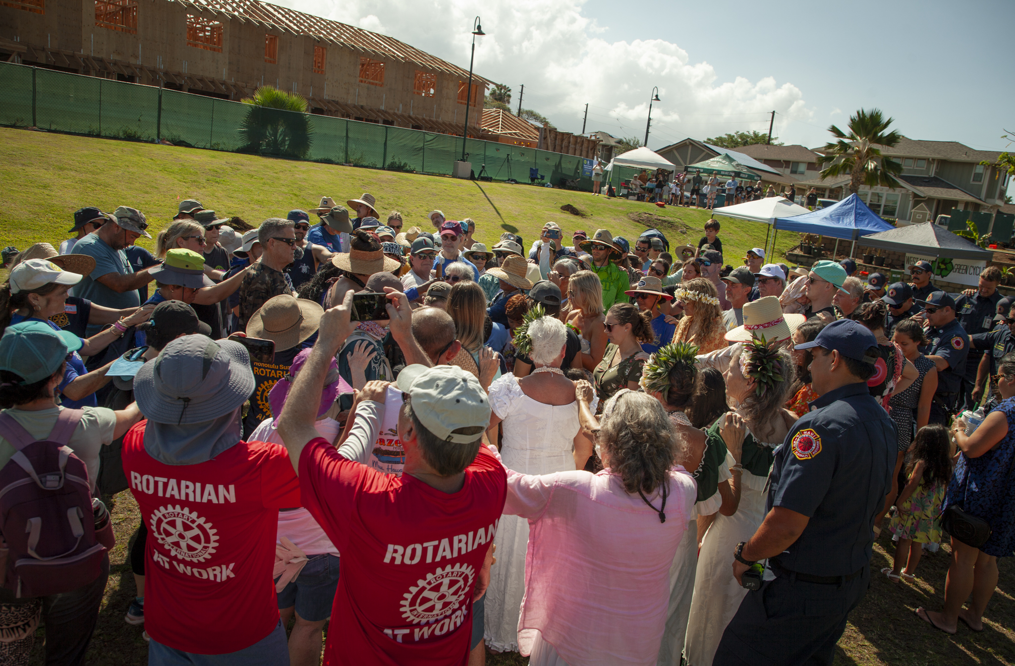 Volunteers, community members, and local businesses and organizations gathered at the park space in Kahoma Village to begin the planting day with a blessing. (Photo Credit: Studio Asalt and Derek Sander)
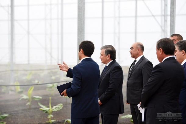 Президент Узбекистана осмотрел банановую теплицу
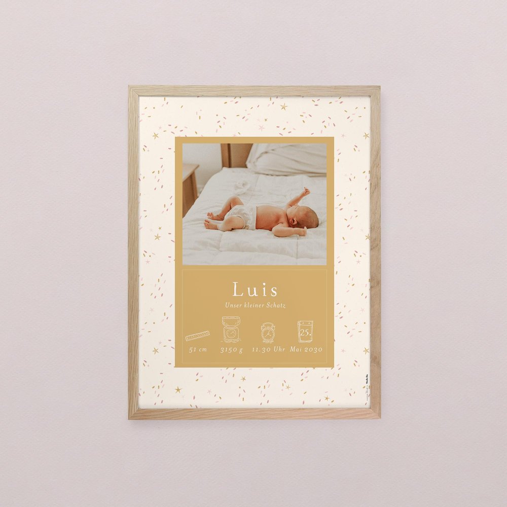 Die Ankunft des Babys ist ein magischer Moment, den wir zelebrieren und für immer in Erinnerung behalten möchten. Gestalten Sie jetzt Ihr eigenes Erinnerungs-Poster mit dem Sie das Kinderzimmer oder die Wohnung dekorieren.
=======
What to work on: From the line containing "Президент Узбекистана осмотрел" down to the final line of the material, restate every line word for word, and only those; drop the pictures.

Your response:
 Президент Узбекистана осмотрел банановую теплицу
 Die Ankunft des Babys ist ein magischer Moment, den wir zelebrieren und für immer in Erinnerung behalten möchten. Gestalten Sie jetzt Ihr eigenes Erinnerungs-Poster mit dem Sie das Kinderzimmer oder die Wohnung dekorieren.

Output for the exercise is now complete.